From the viewpoint of understanding the population dynamics of glowworms, light photomonitoring has a drawback in that it captures data on glowing larvae only, not the actual numbers present. Chris Pugsley showed in his study that under sub-optimal conditions, many larvae switch off completely and may switch on again when conditions improve. For a deeper understanding of annual cycles or long-term population density trends, the number of glowing larvae could be compared with counts of the number of larvae within quadrats. On the other hand, the photomonitoring provides information on the quality of the display, which is what visitors come to see, and allows us to measure the impacts of environmental variables such as flooding. It also allows us to assess the effect of changing any management practices.

Preliminary results suggest a correlation between temperature and glowworm light output. Whether temperature is directly influencing glowworm light output or indirectly by influencing prey insects or another unidentified factor is yet to be determined. River flood levels appear to cause a reduction in glowworm light output in many but not all cases so a better correlation is required before any conclusions can be drawn. The cause of sudden increases in glowworm light output and numbers glowing needs to be investigated. A cause could be a sudden noise created during guiding activities but is yet to be observed. The cause of a consistent peak time of day light output during 2011 but greater variably seen during 2012 has not yet been determined but could be influenced by many parameters that require further consideration.

Future Work

Given the dynamic changes in the intensity of the display that occur at daily, seasonal and annual scales, it is obvious that continuous and ongoing monitoring is required to understand environmental influences on the Waitomo Glowworm Cave population. Most pressingly, improvements in the reliability of the time-lapse camera are required. This could possibly be achieved by warming the enclosures and/or using an external power source rather than batteries. Photographic coverage of the whole Grotto is also desirable but would involve increasing the number of photomonitoring units.
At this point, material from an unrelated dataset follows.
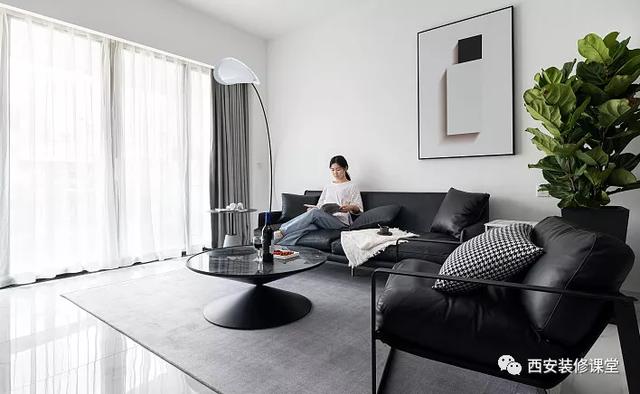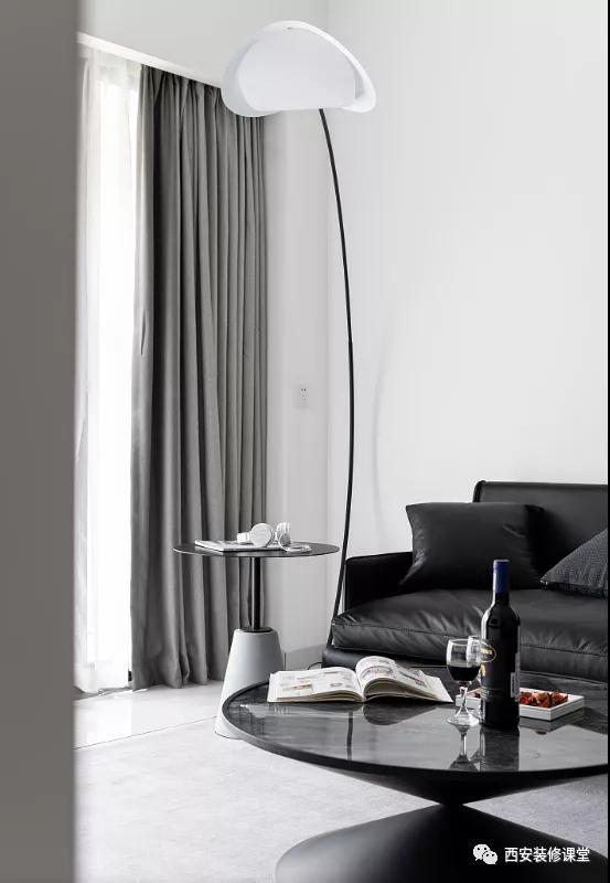 ▲正宗黑白灰,每一件物品都遵循设计的思路,黑白灰贯穿整体:黑色的皮质沙发与单椅统一,黑色的锥形茶几,黑色的落地灯搭配白色的灯罩,甚至是背景的挂画也是黑白抽象,灰色的地毯提升层次和温馨度。同时空间小,注重视觉的虚实感觉,让色彩的搭配与空间的协调做到完美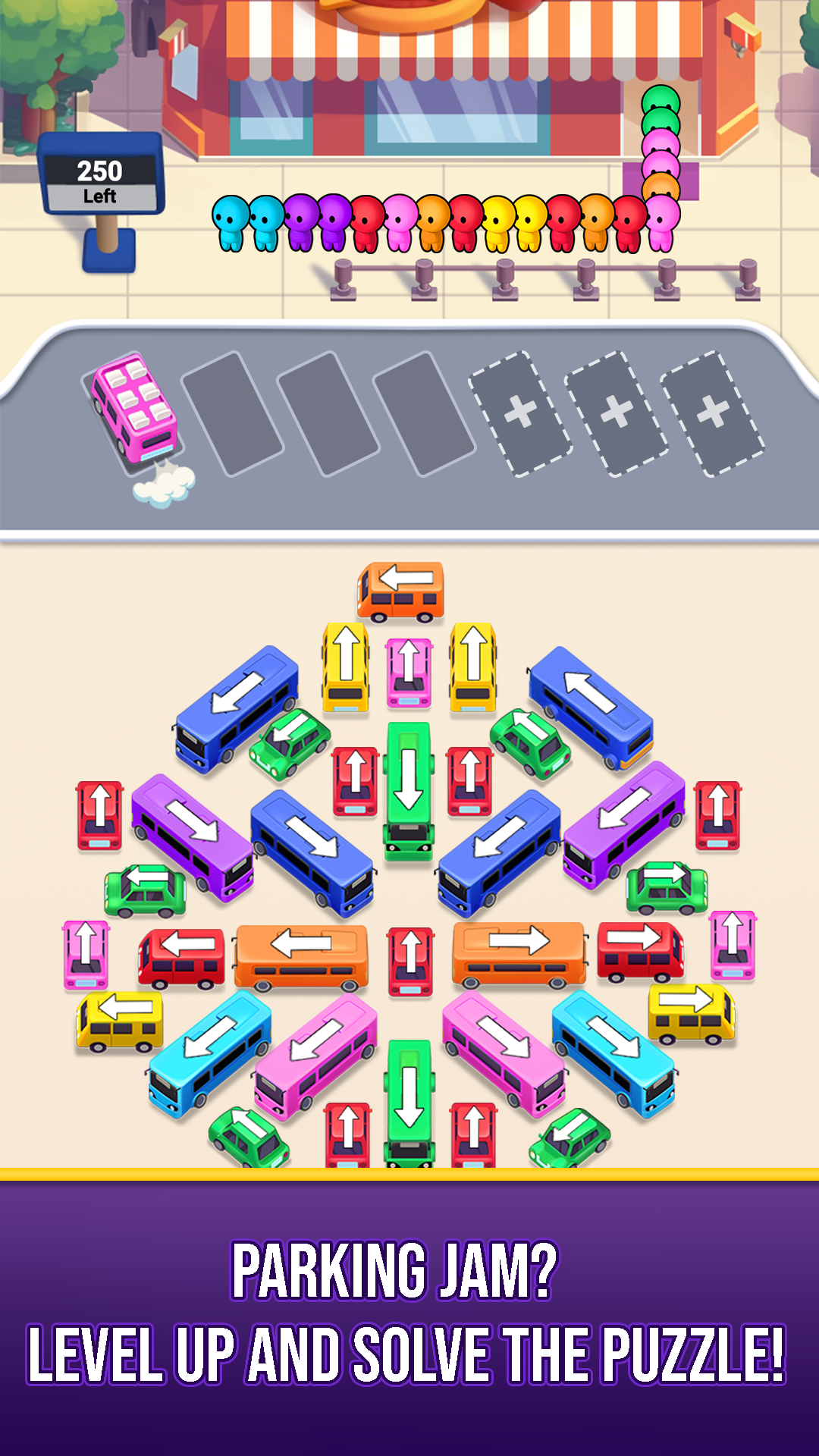 -Addictive bus jam 3D puzzles with increasing difficulty

In the long term, it may be possible to predict the negative or positive impacts of environmental variables such as flood, rainfall and drought on the population by carrying out scientific studies that tease apart the direct affects of these variables on the glowworms from the indirect impacts on the glowworms’ prey. Our photomonitoring data will be a valuable resource for such studies. The most obvious requirement is to relate prey availability to glowworm population size. From the viewpoint of ensuring that cave tourism and cave management practices are not affecting the glowworm population, it would be informative to photomonitor the population in a wild, unvisited cave in the same catchment area.

References

Cross, T. (2009). Climate and Glowworm Monitoring in the Waitomo Glowworm Cave, New Zealand. Proceedings of the Eighteenth Australasian Conference on Cave and Karst Management.

De Freitas, C. R., Littlejohn, R. N., Clarkson, T. S. & Kristament, I. S. (1982). Cave Climate: Assessment of Airflow and Ventilation. Journal of Climatology: 2, pp 383-397.

Pugsley, C. W. (1980). Biology of the New Zealand Glowworm Arachnocampa luminosa (Skuse) (Diptera: Mycetophilidae) in Tourist Caves at Waitomo. Unpublished Phd thesis, University of Auckland.

Pugsley, C. W. (1984). Ecology of the New Zealand Glowworm, Arachnocampa luminosa (Diptera: Mycetophilidae), in the Glowworm Cave, Waitomo. Journal of the Royal Society of New Zealand: 14, (4), pp 387-407.